## TASK STATEMENT
Repeat the material below exactly, line for line.

## DATA TO USE
::::

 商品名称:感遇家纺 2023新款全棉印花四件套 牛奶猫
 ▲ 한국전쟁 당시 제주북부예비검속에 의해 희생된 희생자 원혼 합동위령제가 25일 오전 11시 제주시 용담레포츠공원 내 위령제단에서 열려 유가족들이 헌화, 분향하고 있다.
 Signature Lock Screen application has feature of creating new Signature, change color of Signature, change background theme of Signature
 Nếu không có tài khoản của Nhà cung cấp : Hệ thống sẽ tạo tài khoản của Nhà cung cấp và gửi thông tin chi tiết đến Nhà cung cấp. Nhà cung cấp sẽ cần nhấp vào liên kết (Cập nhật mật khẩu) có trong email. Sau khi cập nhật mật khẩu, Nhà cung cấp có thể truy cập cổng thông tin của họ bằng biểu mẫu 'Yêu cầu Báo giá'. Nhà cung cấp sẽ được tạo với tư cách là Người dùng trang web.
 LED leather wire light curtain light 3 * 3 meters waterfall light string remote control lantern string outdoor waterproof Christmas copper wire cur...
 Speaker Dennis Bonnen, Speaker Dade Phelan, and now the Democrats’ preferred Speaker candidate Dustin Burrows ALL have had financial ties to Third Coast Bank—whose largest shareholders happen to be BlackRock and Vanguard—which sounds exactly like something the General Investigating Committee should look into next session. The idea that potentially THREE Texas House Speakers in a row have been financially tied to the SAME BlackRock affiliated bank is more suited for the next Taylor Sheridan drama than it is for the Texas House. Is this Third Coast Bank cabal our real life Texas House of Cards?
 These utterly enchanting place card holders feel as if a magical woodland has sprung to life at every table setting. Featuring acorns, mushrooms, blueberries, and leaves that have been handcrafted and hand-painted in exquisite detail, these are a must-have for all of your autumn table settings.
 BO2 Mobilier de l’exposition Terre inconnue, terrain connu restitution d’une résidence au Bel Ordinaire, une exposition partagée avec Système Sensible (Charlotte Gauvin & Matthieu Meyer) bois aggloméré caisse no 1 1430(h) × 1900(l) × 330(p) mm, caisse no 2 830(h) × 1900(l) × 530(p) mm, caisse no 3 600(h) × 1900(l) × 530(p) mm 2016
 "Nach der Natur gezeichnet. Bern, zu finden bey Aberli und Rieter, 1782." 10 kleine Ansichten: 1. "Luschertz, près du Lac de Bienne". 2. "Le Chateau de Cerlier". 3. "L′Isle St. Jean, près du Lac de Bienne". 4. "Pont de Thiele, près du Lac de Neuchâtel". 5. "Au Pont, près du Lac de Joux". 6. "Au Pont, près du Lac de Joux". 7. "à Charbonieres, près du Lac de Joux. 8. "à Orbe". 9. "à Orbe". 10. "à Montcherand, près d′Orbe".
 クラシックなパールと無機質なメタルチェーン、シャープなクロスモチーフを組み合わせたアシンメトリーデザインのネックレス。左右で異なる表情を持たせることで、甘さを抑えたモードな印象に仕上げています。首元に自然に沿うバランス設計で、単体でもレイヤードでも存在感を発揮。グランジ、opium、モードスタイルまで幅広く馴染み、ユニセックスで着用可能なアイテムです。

::::

## ANSWER BOX
 商品名称:感遇家纺 2023新款全棉印花四件套 牛奶猫
 ▲ 한국전쟁 당시 제주북부예비검속에 의해 희생된 희생자 원혼 합동위령제가 25일 오전 11시 제주시 용담레포츠공원 내 위령제단에서 열려 유가족들이 헌화, 분향하고 있다.
 Signature Lock Screen application has feature of creating new Signature, change color of Signature, change background theme of Signature
 Nếu không có tài khoản của Nhà cung cấp : Hệ thống sẽ tạo tài khoản của Nhà cung cấp và gửi thông tin chi tiết đến Nhà cung cấp. Nhà cung cấp sẽ cần nhấp vào liên kết (Cập nhật mật khẩu) có trong email. Sau khi cập nhật mật khẩu, Nhà cung cấp có thể truy cập cổng thông tin của họ bằng biểu mẫu 'Yêu cầu Báo giá'. Nhà cung cấp sẽ được tạo với tư cách là Người dùng trang web.
 LED leather wire light curtain light 3 * 3 meters waterfall light string remote control lantern string outdoor waterproof Christmas copper wire cur...
 Speaker Dennis Bonnen, Speaker Dade Phelan, and now the Democrats’ preferred Speaker candidate Dustin Burrows ALL have had financial ties to Third Coast Bank—whose largest shareholders happen to be BlackRock and Vanguard—which sounds exactly like something the General Investigating Committee should look into next session. The idea that potentially THREE Texas House Speakers in a row have been financially tied to the SAME BlackRock affiliated bank is more suited for the next Taylor Sheridan drama than it is for the Texas House. Is this Third Coast Bank cabal our real life Texas House of Cards?
 These utterly enchanting place card holders feel as if a magical woodland has sprung to life at every table setting. Featuring acorns, mushrooms, blueberries, and leaves that have been handcrafted and hand-painted in exquisite detail, these are a must-have for all of your autumn table settings.
 BO2 Mobilier de l’exposition Terre inconnue, terrain connu restitution d’une résidence au Bel Ordinaire, une exposition partagée avec Système Sensible (Charlotte Gauvin & Matthieu Meyer) bois aggloméré caisse no 1 1430(h) × 1900(l) × 330(p) mm, caisse no 2 830(h) × 1900(l) × 530(p) mm, caisse no 3 600(h) × 1900(l) × 530(p) mm 2016
 "Nach der Natur gezeichnet. Bern, zu finden bey Aberli und Rieter, 1782." 10 kleine Ansichten: 1. "Luschertz, près du Lac de Bienne". 2. "Le Chateau de Cerlier". 3. "L′Isle St. Jean, près du Lac de Bienne". 4. "Pont de Thiele, près du Lac de Neuchâtel". 5. "Au Pont, près du Lac de Joux". 6. "Au Pont, près du Lac de Joux". 7. "à Charbonieres, près du Lac de Joux. 8. "à Orbe". 9. "à Orbe". 10. "à Montcherand, près d′Orbe".
 クラシックなパールと無機質なメタルチェーン、シャープなクロスモチーフを組み合わせたアシンメトリーデザインのネックレス。左右で異なる表情を持たせることで、甘さを抑えたモードな印象に仕上げています。首元に自然に沿うバランス設計で、単体でもレイヤードでも存在感を発揮。グランジ、opium、モードスタイルまで幅広く馴染み、ユニセックスで着用可能なアイテムです。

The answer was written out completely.